By year's end, a new law intended to do just that was on the books. But it remains untested more than three years later, raising questions about how effective a tool it can be for Justice Department officials who have called it the key to pursuing charges against civilian contractors involved in abusing Iraqi prisoners.

No regulations drafted

Defense Department lawyers have not drafted regulations to govern how the law, known as the Military Extraterritorial Jurisdiction Act, is implemented. U.S. prosecutors brought their first case under the law last summer, filing murder charges against a California woman accused of killing her Air Force staff sergeant husband on a base in Turkey. She is scheduled for trial in July.

The absence of established case law has spurred speculation whether the statute will fit any of the alleged abuses at the Abu Ghraib prison near Baghdad. A central issue is whether its definition of civilian contractors could extend beyond the Defense Department, because one company at Abu Ghraib was operating under a contract administered by the Department of Interior.

"Legal clarity does not come from clear language; it comes from precedents," said Deborah Avant, a political science professor at George Washington University who has researched military contracting issues.

When it was adopted in 2000, the extraterritorial jurisdiction act - sometimes referred to as MEJA - was considered a cure for the long-standing problem of how to prosecute criminal activity overseas by military civilians and contractors.

In a series of rulings that date to the 1950s, the Supreme Court established that civilians and contractors accused of wrongdoing overseas cannot be subjected to military courts-martial, except during declared war.

"The new law eliminates any prospective ambiguity about federal criminal jurisdiction over persons who ... are charged with committing felonies in foreign nations while associated with the United States' military," U.S. Solicitor General Theodore B. Olson said last fall.

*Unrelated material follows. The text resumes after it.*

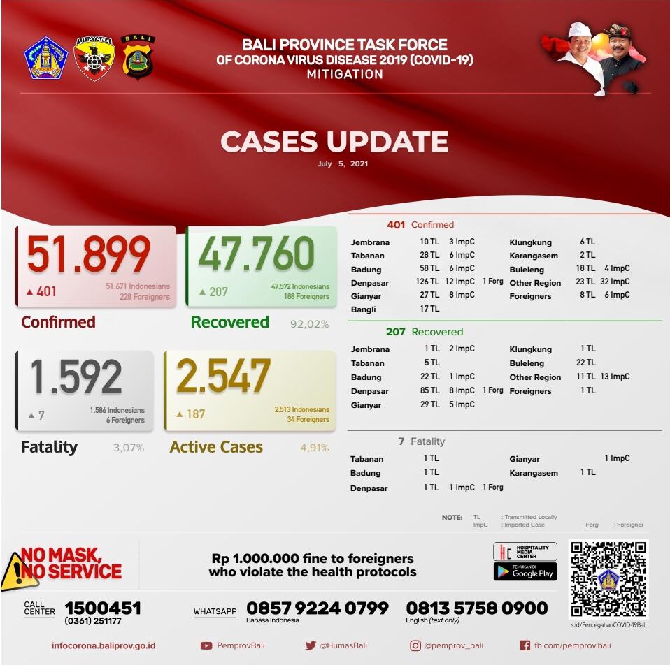 BALIPUSTAKANEWS, DENPASAR – Pertambahan kasus hari ini sebagai berikut , TERKONFIRMASI sebanyak 401 orang (323 orang melalui Transmisi Lokal, 77 PPDN dan 1 PPLN) SEMBUH sebanyak 207 orang dan 7 pasien meninggal dunia.

The extraterritorial jurisdiction statute allows civilian prosecutors in U.S. district courts to bring charges against civilians, although it does not spell out where such cases should originate.

In the single existing prosecution, accused Air Force wife Latasha Lorraine Arnt was brought from Turkey to her home state of California to face charges that she killed her husband, a Pennsylvania native.

Such ambiguities frustrate legal experts and human rights advocates who backed the law.

"We have a statute ... that requires uniform implementation rules, and those still don't exist," said Gary D. Solis, a former Marine Corps judge advocate and now an adjunct law professor at Georgetown University.

Washington attorney Martina Vandenberg, a former researcher with Human Rights Watch, said the lack of regulations in some ways meant the law was "dead on arrival."

"I think it's reprehensible that four years after the passage of MEJA, we still haven't seen any [contractor] prosecutions," Vandenberg said.

Vandenberg worked on Human Rights Watch's investigation of alleged prostitution and human trafficking activities carried out by U.S. civilians working for defense contractor DynCorp in the Balkans during the late 1990s.

Reports compiled by Human Rights Watch, the U.S. Army Criminal Investigation Command and in two whistleblower lawsuits documented the purchasing of young girls as sex slaves and, in one instance, a videotaped rape.

Although the events did not become public until late 2001 and 2002, the records suggest most of the alleged illegal behavior occurred in 1999 and 2000 - before the passage of the extraterritorial jurisdiction act that could have allowed U.S. civilian prosecutors to pursue charges.

Instead, the contractors allegedly involved were sent home and fired.

In the current case of abuses at Abu Ghraib, the Justice Department has opened a criminal investigation into one civilian contractor, based on a referral from Pentagon investigators. Authorities have not identified the individual or the company involved in the probe.